Pénétrez-vous de cette vérité, c’est que vous avez une âme, libre de vouloir ou de ne pas vouloir, qui est le chef-d’œuvre du Créateur[13] et son image. Elle est immortelle, parce que Dieu lui a conféré l’immortalité.

[13] L’âme est le chef-d’œuvre du Créateur.
Le philosophisme païen avait dit que l’âme de l’homme était une émanation de la Divinité. Nous convenons que, même avec le secours de la révélation, les anciens ont été fort embarrassés pour expliquer l’origine de l’âme. Les uns, comme Origène, ont cru à la préexistence des âmes, c’est-à-dire créées toutes ensemble. Plusieurs ont imaginé que l’âme d’Adam fut tirée du néant, et que toutes les autres naissaient de celle-ci par voie de propagation, ex traduce. (Voy. Tertul. De Anima, cap. xxv, p. 282,2 or. S. Aug. lib. De Origine animæ.) La doctrine catholique enseigne que Dieu les crée à mesure que les corps humains sont engendrés.
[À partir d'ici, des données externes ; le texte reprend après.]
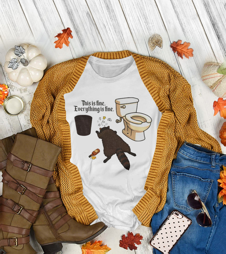 Drunk Raccoon This Is Fine Everything Is Fine Toilet Humor T-Shirt
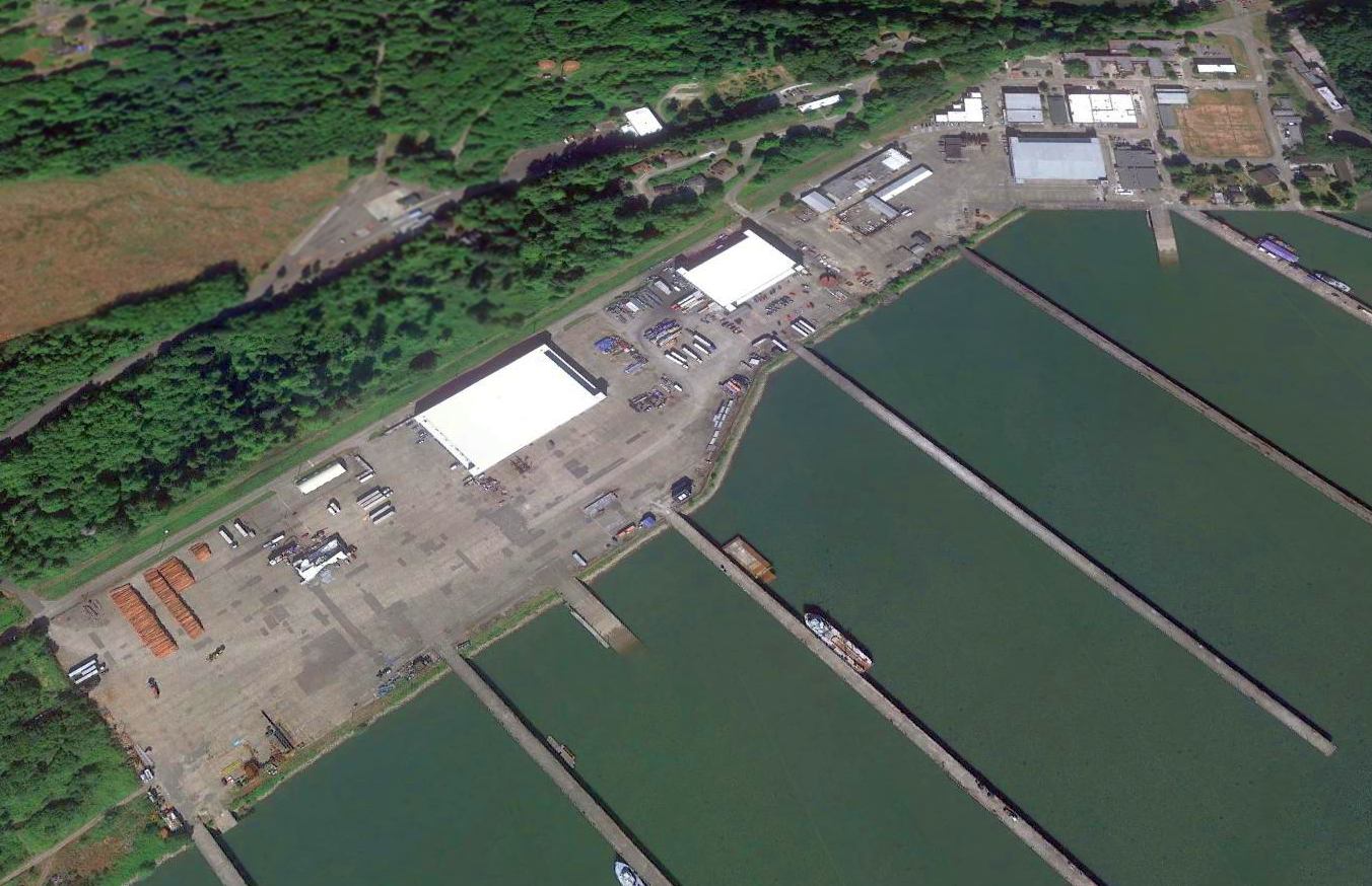 An August 2022 aerial view looking north at the Tongue Point seaplane ramp, 3 hangars, and piers.

Quant au système d’émanation, Cicéron et Diogène Laërce nous apprennent que Phérécyde et Thalès en furent les premiers auteurs. Cette doctrine passa chez les platoniciens et les stoïciens, et de là chez presque tous les hérésiarques des premiers siècles. Nos philosophes voudraient la renouveler de nos jours, en faisant de la raison une émanation de la raison divine. Et c’est contre cette absurdité qui faisait partie des dogmes ébioniens, cerdoniens, marcionites, manichéens, priscillianistes, que Cyrille établit ce dogme que l’âme est l’œuvre, et non pas une émanation, de la substance de Dieu.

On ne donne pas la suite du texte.